Overall, the toughening of frozen DN hydrogels arises not from a single fracture mode but from the synergistic interplay among ice crystal fracture, ice–polymer interfacial delamination, and polymer network deformation. This interplay is particularly effective in samples containing finely distributed ice crystals and strong interfacial bonding. As the freezing temperature decreases, crack propagation becomes increasingly unstable in a favorable manner – characterized by crack path redirection, growth of delamination zones, and enhanced localized energy dissipation. These cooperative mechanisms lead to notable improvements in fracture strain, crack deflection, and overall material toughness, as demonstrated in the mechanical performance results. In practical terms, the commonly invoked toughening descriptors – interfacial energy dissipation, localized microcracking, and crack deflection – can each be mapped onto these three damage modes. Interfacial energy dissipation refers to the continuous consumption of mechanical energy through sliding and debonding at ice–polymer boundaries, which becomes increasingly significant as interfacial area grows with finer ice crystals. Localized microcracking describes the spatially distributed micro-damage events that arise when numerous small ice domains and their surrounding polymer matrix undergo concurrent failure, effectively dispersing the stress concentration ahead of the crack tip. Crack deflection refers to the forced redirection of the propagating crack front around heterogeneous ice–polymer regions, producing the tortuous fracture paths observed in Fig. 6c. Together, these mechanisms are not independent but rather coupled manifestations of the progressive shift from ice-dominated brittle fracture to interface- and polymer-mediated ductile toughening as ice crystal size decreases.

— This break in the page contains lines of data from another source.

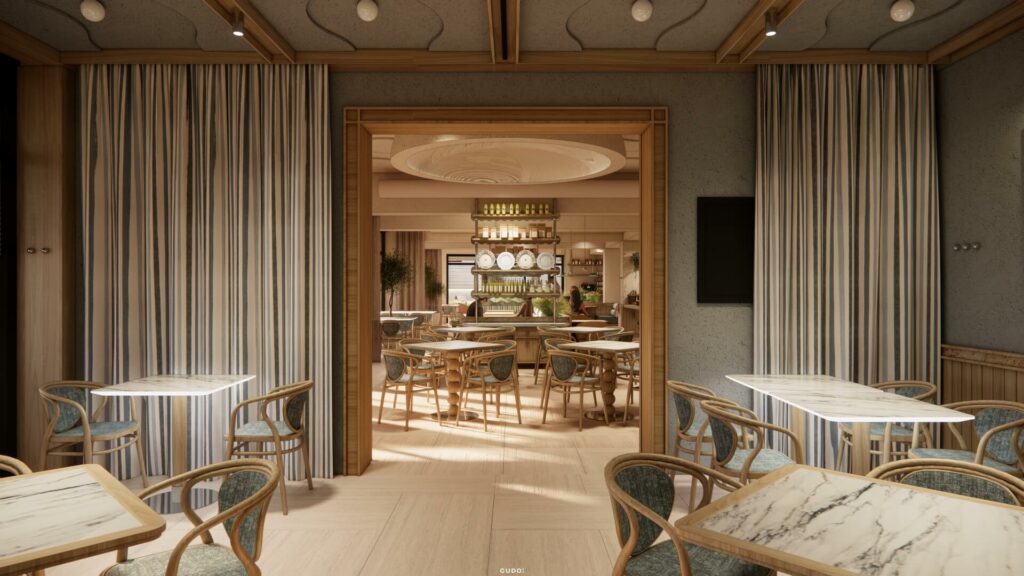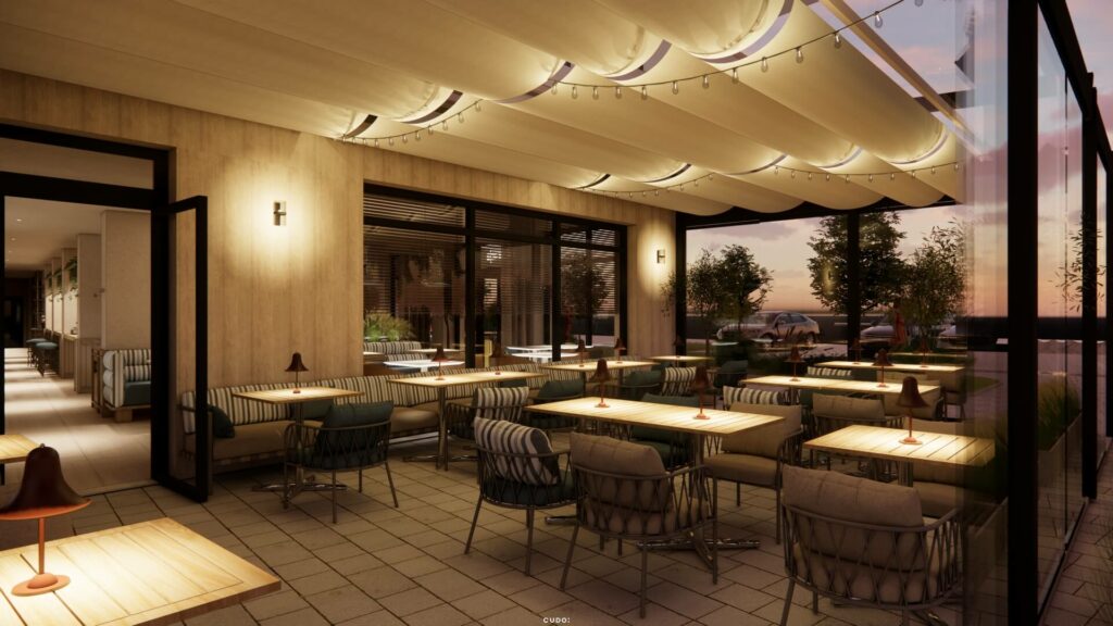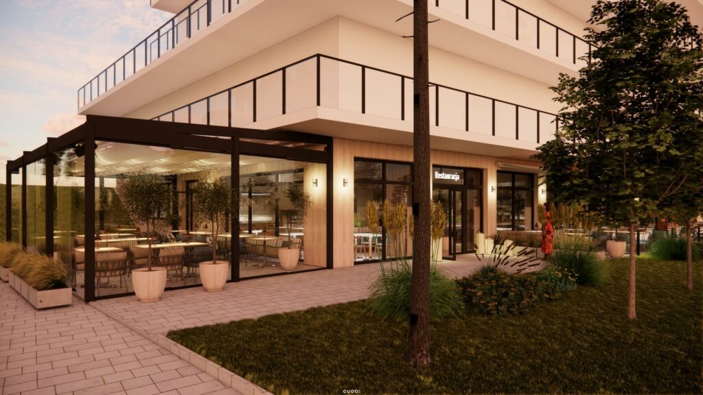 • restauracja – idealna zarówno dla właścicieli, jak i gości, zwiększająca komfort pobytu bez konieczności opuszczania inwestycji,
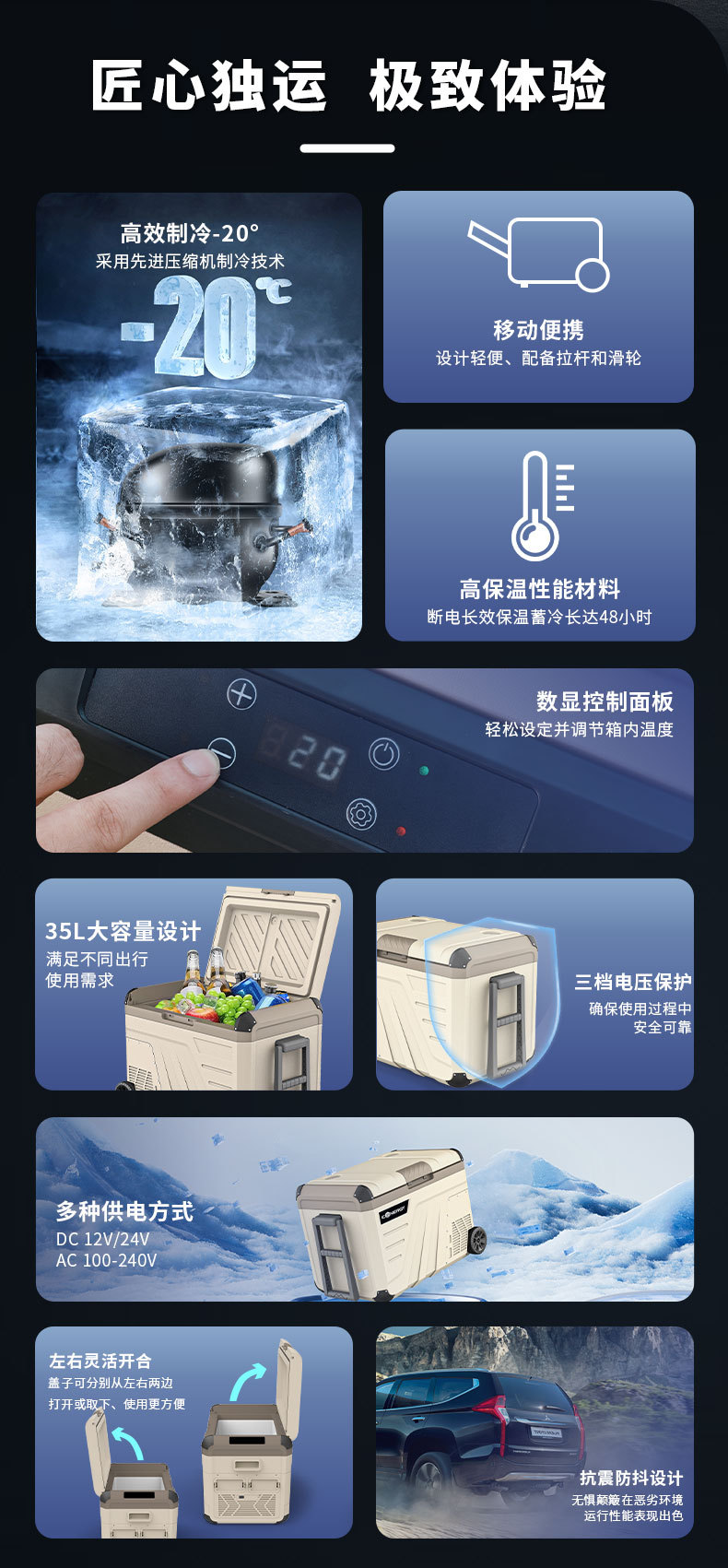 ✅ 35리터 휴대용 반트레일러 트럭 주차 냉장고 야외 캠핑용 12v24v 냉동 이동식 차량용 냉장고
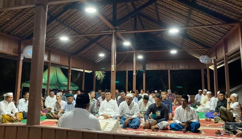 Pj Bupati Aceh Besar Muhammad Iswanto SSTP MM bersama para kepala OPD dan masyarakat sekitaran Kota Jantho mengikuti Halaqah Pengajian Rutin Kamis Malam Jumat yang diasuh Oleh Ust Abah Junaidi di Balee Beut Meuligo Kota Jantho, Kamis (19/12/2024) malam. Foto: Ist

While the distinct crack morphologies and proposed fracture modes (Fig. 6d) account for the observed toughness enhancement, the underlying mechanisms – particularly interfacial delamination and polymer-network rearrangement – are inherently time-dependent physical processes. Ice crystals fracture rapidly and are largely insensitive to moderate variations in loading rate, whereas interfacial delamination and hydrogen-bond reorganization occur over longer timescales and are therefore expected to exhibit pronounced rate dependence.57,58 To further validate the proposed toughening mechanisms and delineate the respective contributions of the three fracture modes, we systematically investigated the rate-dependent mechanical behavior of frozen DN hydrogels using uniaxial tension and pure-shear tests (Fig. 7). Under uniaxial tension in Fig. 7a and b, increasing the stretching rate from 10 to 300 mm/min increases the apparent modulus from 0.05 MPa to 0.87 MPa, peak stress from 0.75 MPa to 1.7 MPa and reduces the strain at break from 17 mm mm−1 to 11 mm mm−1. At 300 mm min−1, the peak stress shows a slight decrease relative to 200 mm min−1 (∼0.95–1.0 MPa), consistent with early instability/necking that truncates stress development. In pure-shear tests (Fig. 7d and e), the peak stress increases from 2.1 MPa to 4.4 MPa, while the maximum stretch collapses, and crack morphology transitions from blunted/tortuous at low rates to sharp/unstable at high rates (Fig. 7c). These trends arise because ice–polymer interfacial sliding and H-bond reorganization require time to operate; when the loading timescale shortens, these sacrificial/relaxation pathways are curtailed, producing higher stiffness but reduced crack tolerance.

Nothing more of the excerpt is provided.